──────── AVAILABLE DATA ────────
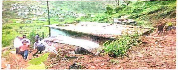
टिहरी जिले के तोली गांव में पहाड़ी से हुए भूस्खलन की चपेट में आने से ध्वस्त मकान, जिसमें मां बेटी की मौत हो गई, जबकि तीन अन्य सदस्यों ने भागकर जान बचाई

टिहरी जिले के ही झाला गांव में धर्मगंगा नदी के उफान में श्रमिकों की झोपड़ी बही, मां-बेटी लापता
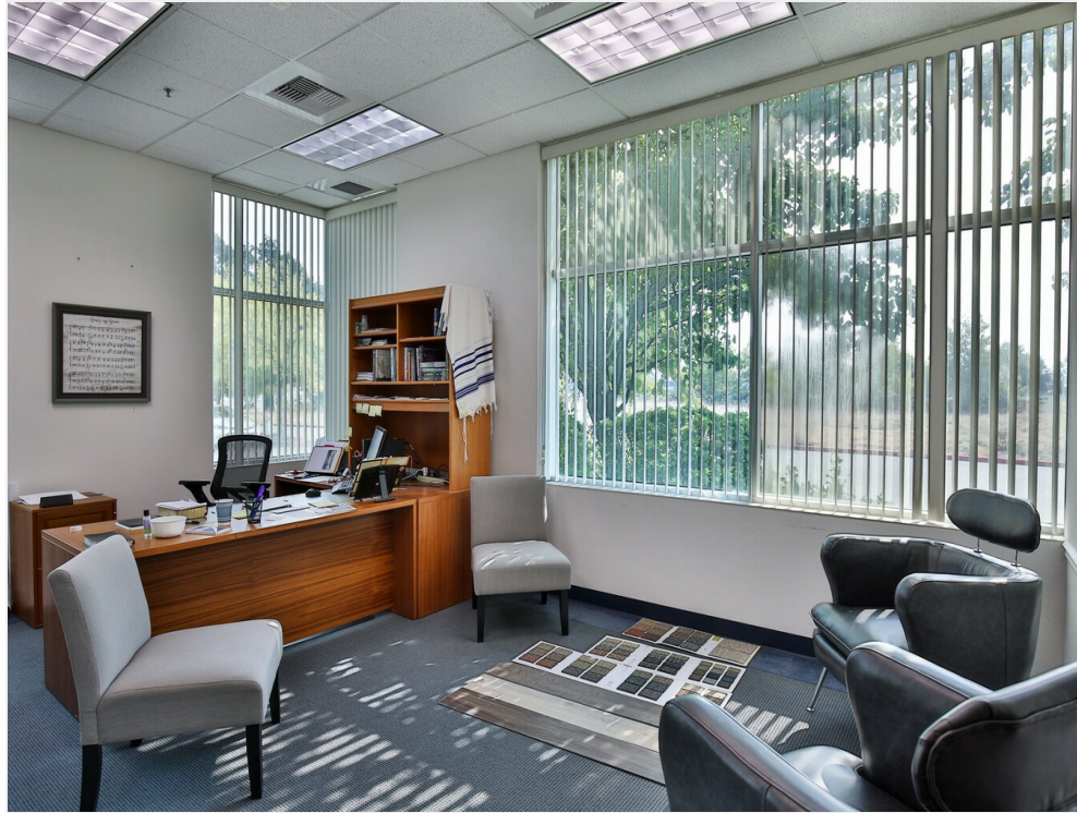
Private Office Space
────────
WHAT THIS TASK INVOLVES — Please make an exact copy of the whole listing and leave out its pictures.

WRITTEN ANSWER —
टिहरी जिले के तोली गांव में पहाड़ी से हुए भूस्खलन की चपेट में आने से ध्वस्त मकान, जिसमें मां बेटी की मौत हो गई, जबकि तीन अन्य सदस्यों ने भागकर जान बचाई

टिहरी जिले के ही झाला गांव में धर्मगंगा नदी के उफान में श्रमिकों की झोपड़ी बही, मां-बेटी लापता
Private Office Space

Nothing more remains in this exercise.